What you need to do: Among the entries below, find the line with "Mengkilap sifon silky" and the line with "Gizli nesneleri bul". Return exactly those lines and every line between them, but no pictures.

Data for processing:
######
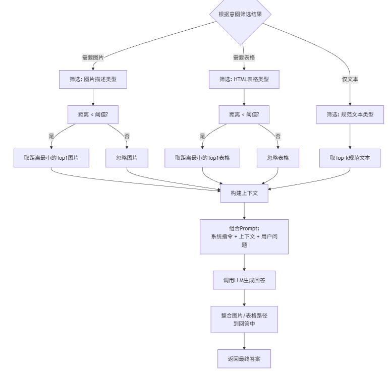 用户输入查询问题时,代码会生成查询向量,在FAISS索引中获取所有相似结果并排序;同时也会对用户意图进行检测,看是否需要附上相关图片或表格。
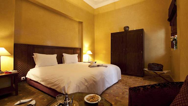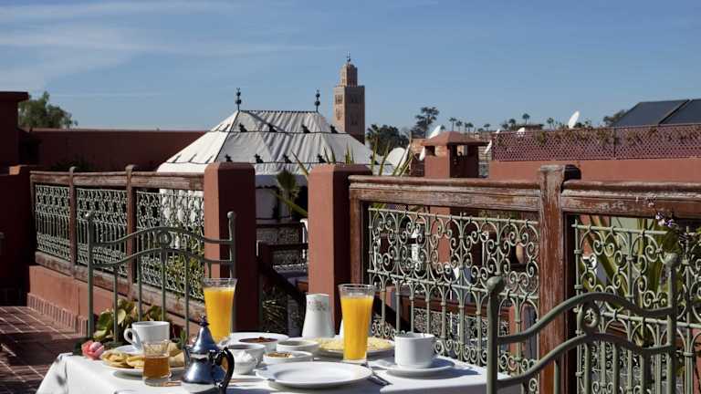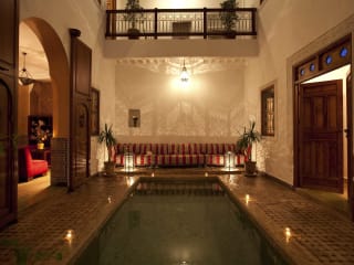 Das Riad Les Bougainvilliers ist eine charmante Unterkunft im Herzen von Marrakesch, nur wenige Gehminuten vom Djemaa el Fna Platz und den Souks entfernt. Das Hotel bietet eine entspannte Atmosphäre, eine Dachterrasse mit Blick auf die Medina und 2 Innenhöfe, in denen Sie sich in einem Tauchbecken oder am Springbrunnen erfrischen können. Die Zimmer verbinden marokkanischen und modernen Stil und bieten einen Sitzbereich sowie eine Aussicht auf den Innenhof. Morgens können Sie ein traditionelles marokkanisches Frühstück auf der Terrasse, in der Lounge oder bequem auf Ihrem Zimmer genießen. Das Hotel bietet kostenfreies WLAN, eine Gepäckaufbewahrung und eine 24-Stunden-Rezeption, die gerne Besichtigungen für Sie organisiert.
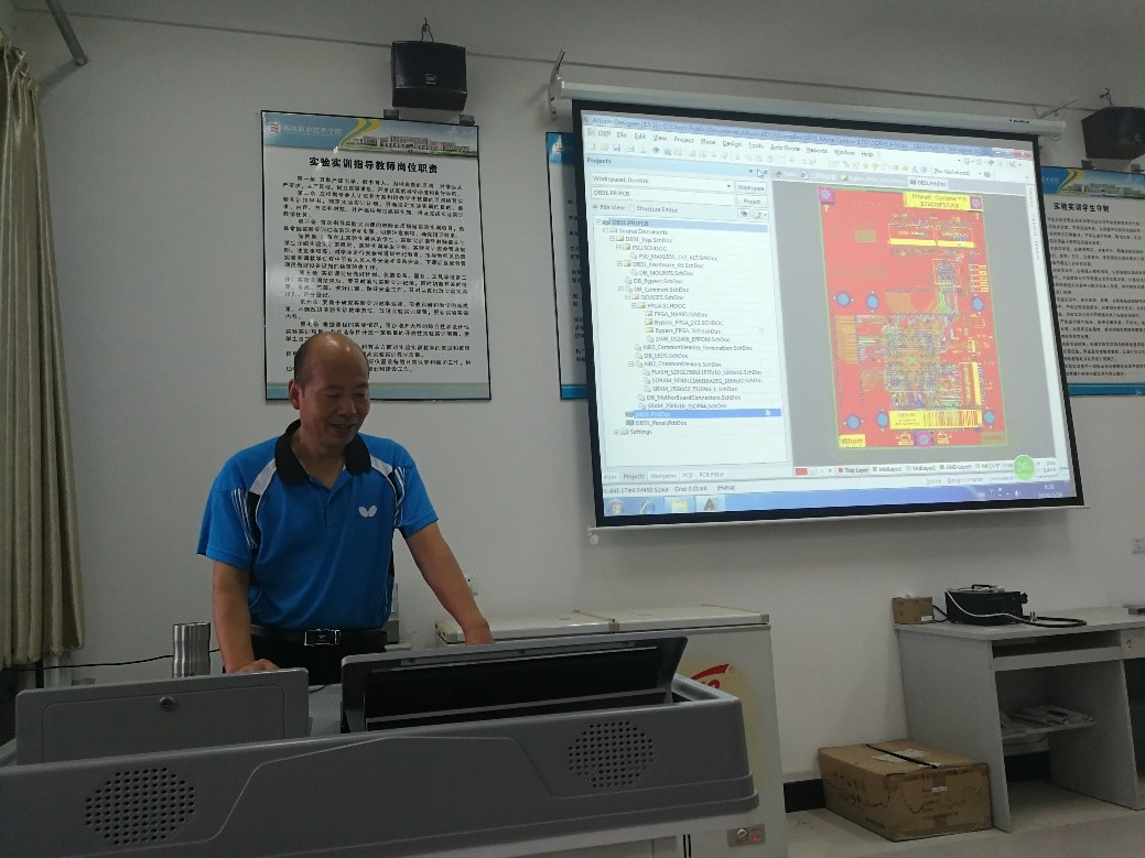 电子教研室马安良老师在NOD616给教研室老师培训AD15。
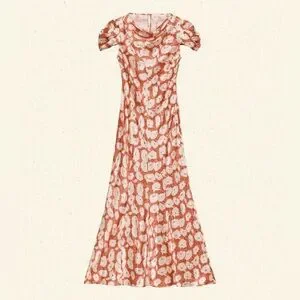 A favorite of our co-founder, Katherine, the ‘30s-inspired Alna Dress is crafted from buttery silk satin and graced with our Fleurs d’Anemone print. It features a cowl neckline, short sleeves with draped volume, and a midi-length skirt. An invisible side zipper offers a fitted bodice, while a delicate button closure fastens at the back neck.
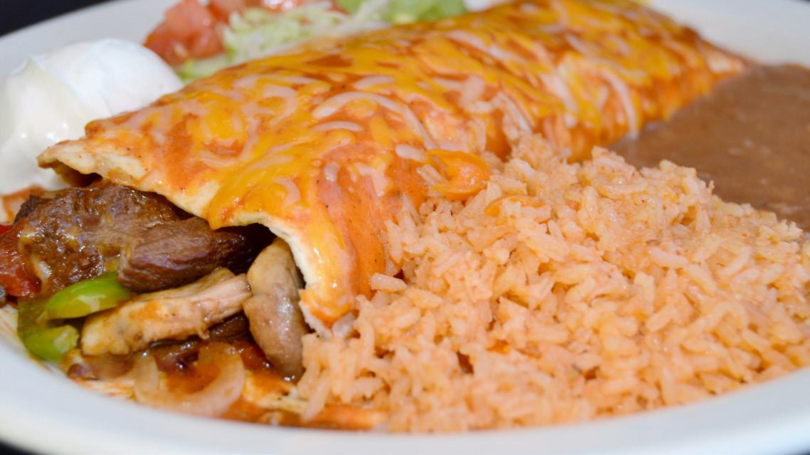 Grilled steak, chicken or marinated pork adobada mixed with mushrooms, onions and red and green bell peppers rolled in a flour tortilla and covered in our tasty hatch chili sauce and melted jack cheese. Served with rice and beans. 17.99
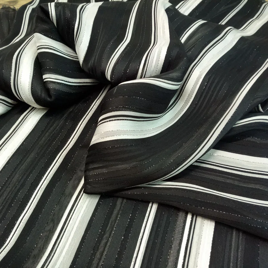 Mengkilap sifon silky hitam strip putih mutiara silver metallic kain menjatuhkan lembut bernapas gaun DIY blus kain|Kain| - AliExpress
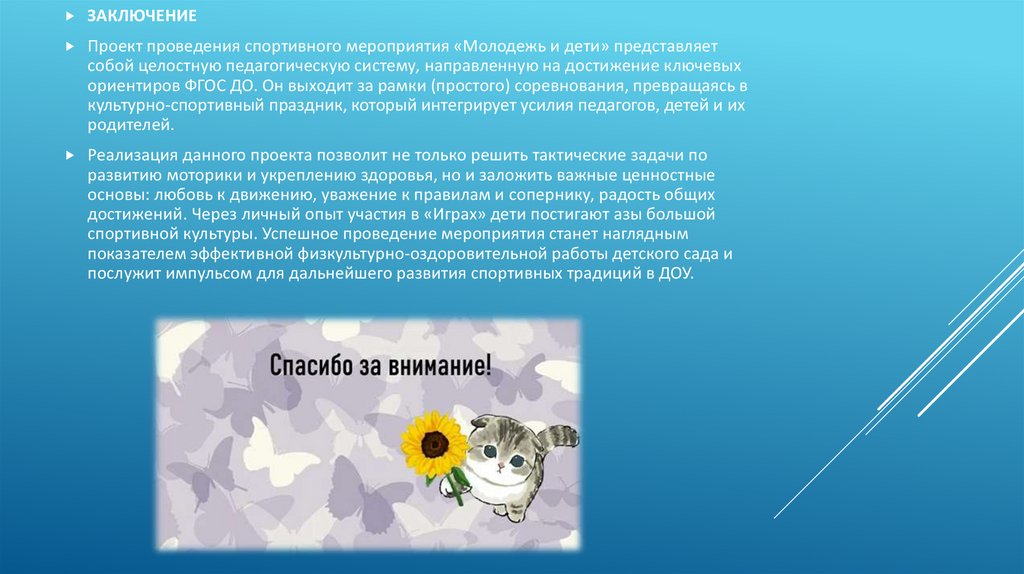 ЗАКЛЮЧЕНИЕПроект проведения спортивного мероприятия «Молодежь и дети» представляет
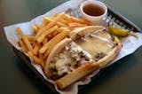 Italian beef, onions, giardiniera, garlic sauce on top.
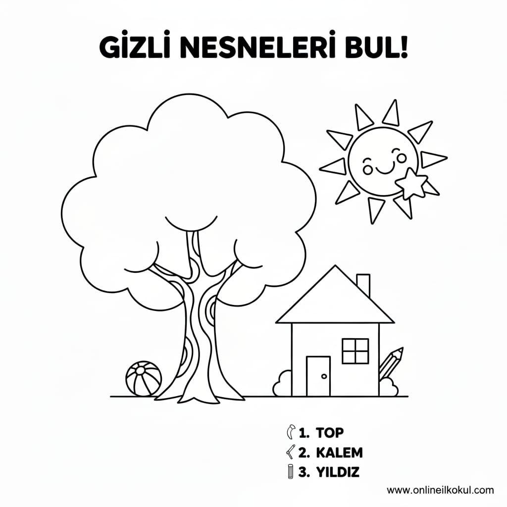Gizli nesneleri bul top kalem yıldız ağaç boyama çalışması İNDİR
######
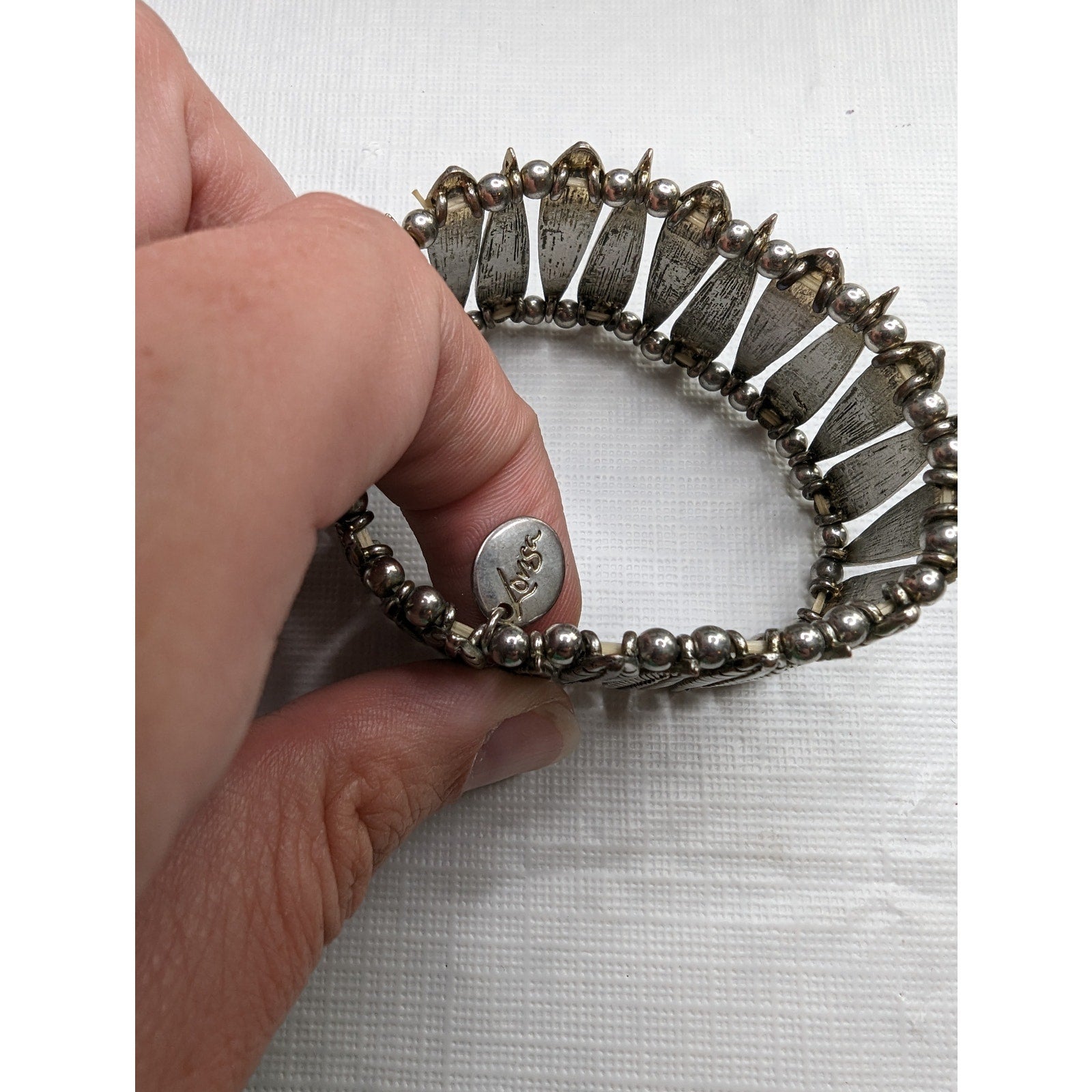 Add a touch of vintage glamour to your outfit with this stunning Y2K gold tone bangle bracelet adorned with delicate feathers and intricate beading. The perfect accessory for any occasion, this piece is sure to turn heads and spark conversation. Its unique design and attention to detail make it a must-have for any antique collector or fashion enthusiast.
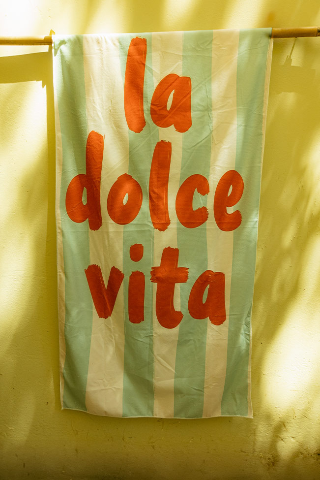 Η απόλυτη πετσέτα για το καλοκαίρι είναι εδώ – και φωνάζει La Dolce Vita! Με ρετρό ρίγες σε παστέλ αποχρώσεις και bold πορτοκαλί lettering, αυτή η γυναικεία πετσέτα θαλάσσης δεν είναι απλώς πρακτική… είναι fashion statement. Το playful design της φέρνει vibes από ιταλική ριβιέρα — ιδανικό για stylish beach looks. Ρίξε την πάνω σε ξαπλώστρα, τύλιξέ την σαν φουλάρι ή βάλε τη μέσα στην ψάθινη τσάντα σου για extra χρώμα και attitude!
######
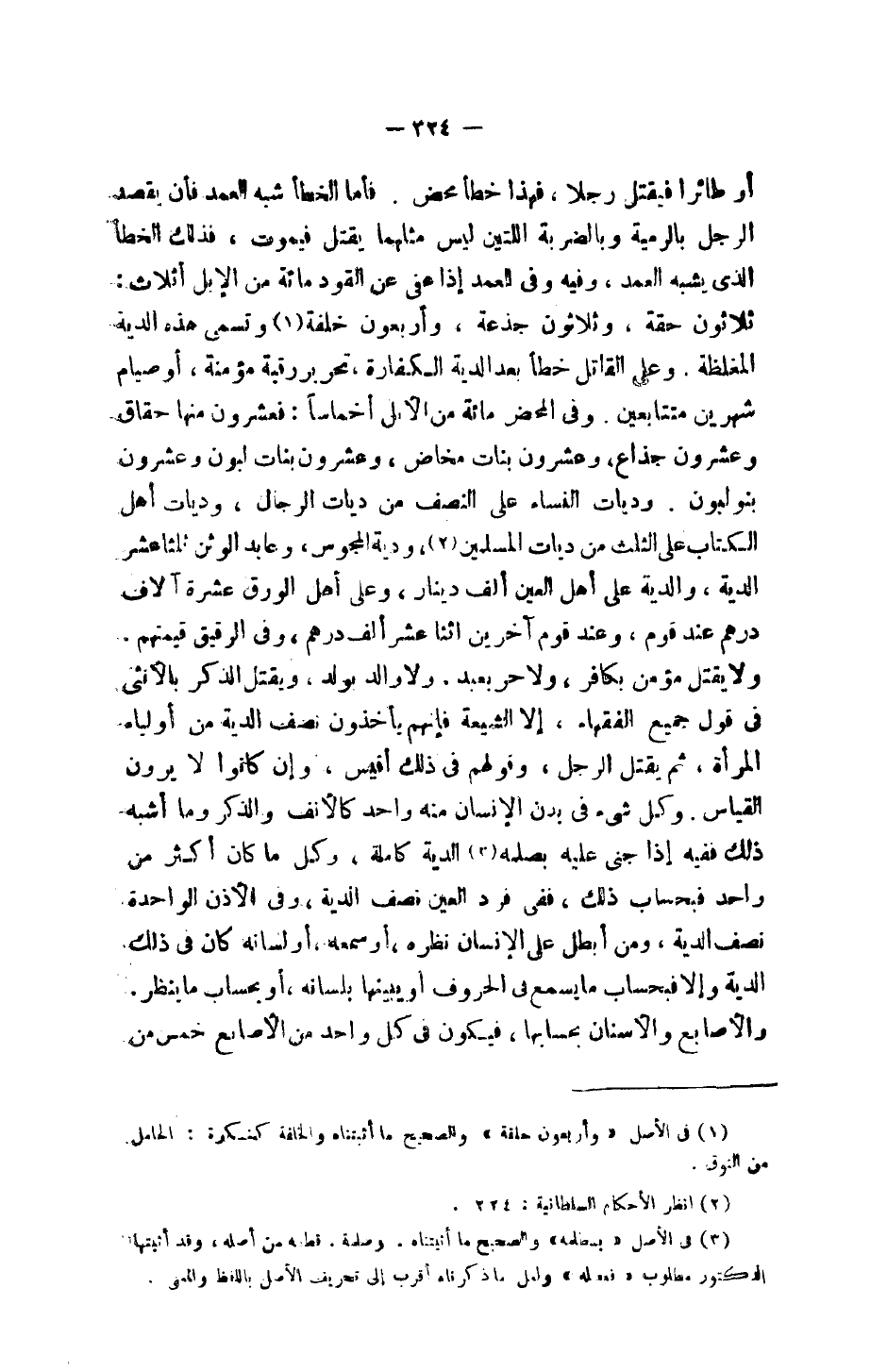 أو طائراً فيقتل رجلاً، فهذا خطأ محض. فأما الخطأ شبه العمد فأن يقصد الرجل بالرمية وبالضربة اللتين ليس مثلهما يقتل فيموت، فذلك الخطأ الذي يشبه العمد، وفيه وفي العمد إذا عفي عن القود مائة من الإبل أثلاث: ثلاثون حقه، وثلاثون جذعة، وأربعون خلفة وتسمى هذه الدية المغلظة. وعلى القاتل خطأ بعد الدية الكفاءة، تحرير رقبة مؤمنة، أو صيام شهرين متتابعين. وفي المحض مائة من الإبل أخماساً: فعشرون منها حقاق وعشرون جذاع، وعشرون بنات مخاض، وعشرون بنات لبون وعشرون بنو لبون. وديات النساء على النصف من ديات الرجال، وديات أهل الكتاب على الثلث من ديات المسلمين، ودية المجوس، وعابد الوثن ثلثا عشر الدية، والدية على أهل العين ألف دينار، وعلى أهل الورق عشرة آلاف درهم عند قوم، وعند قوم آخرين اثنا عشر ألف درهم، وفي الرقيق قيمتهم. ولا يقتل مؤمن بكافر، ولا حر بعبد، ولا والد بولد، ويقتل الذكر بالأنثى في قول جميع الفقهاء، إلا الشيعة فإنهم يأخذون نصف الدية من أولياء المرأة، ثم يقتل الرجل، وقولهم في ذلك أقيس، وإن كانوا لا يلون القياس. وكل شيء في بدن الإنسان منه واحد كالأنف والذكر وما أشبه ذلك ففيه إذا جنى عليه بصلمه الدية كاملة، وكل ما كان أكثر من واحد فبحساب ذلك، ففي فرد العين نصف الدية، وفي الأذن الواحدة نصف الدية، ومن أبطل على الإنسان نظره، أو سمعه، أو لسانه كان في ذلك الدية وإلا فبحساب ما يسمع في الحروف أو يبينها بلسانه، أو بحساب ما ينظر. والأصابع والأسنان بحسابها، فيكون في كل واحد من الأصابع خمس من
######
The completed task:
 Mengkilap sifon silky hitam strip putih mutiara silver metallic kain menjatuhkan lembut bernapas gaun DIY blus kain|Kain| - AliExpress
 ЗАКЛЮЧЕНИЕПроект проведения спортивного мероприятия «Молодежь и дети» представляет
 Italian beef, onions, giardiniera, garlic sauce on top.
Gizli nesneleri bul top kalem yıldız ağaç boyama çalışması İNDİR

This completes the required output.